その日は、アマレクの建国記念日なのである。その日を含めた三日間、街は休みになり、奴隷たちでさえ休暇が与えられるほどである。本星や星内外から賓客が呼ばれ、盛大に祝われる。その日に災厄を宣告されてしまったのだ。
そして、この宣告をすることが尊がメンフィスに来たもう一つの目的であった。
「父上、彼らと交渉しましょう。彼らの要求を半分でも飲むべきです。」
珍しく私邸に戻った父親にアモンは意見した。
「それはできない。テロリストとは交渉しない。これは鉄則だ。」
父はにべもなかった。
「それでしたら、記念式の日をずらすか、会場を変えましょう。」
「それはできない。それは我々の敗北を意味する。しかも、国家的な敗北だ。」
アモンもあきらめない。
「父上は彼らを軽く見すぎです。彼らはこれまでも宣言してきたことはすべてやってきました。彼らの手にはケルビムの知恵があるのです。少なくとも国民の安全は図るべきです。この件を国民に公表してください。メンフィスには世界中、いや銀河中から大勢の同胞が集まって来ます。国民の命と財産を守るのが我々に課せられた義務です。父上は一体何を守られるおつもりですか?」
「言いたいことはそれだけか。……私が守りたいのは矜持だ。何者の奴隷にもならない、アマレクの誇りだ。」
「父上 ! それはただの意地ではありませんか。矜持とは、我々のすべきことを果たした先にある、と私に教えて下さったのは父上です。それを父上は。」
そう言ってアモンが父の顔を見ると、その顔は意固地になっているのでもないことに気づいた。
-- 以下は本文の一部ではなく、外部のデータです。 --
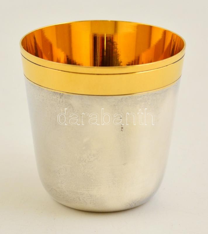 Leírás: Aranyozott ezüst pohárka, jelzett / Gold plated silver glass 96,6 g, 6,5 cm

「アモン、これは父親としての命令だ。お前は生き延びろ。どのみち私の政治家としての命運は尽きようとしている。私はいずれ敗戦の責を負って処刑にされるか、亡命者としてフェニキアに逃れるか、はたまたテラノイドの手にかかるだろう。いずれにしても、私は死ぬ。そして、我が死によってもう一度国民は奮起し、一致団結してテラノイドと戦えるだろう。私はそのための犠牲のヤギとならねばならんのだ。」
「父上……」
アモンは涙を流していた。
「そして、これは大統領としての命令だ。外国からの賓客を守って欲しい。国民の方は私がなんとか手を打とう。」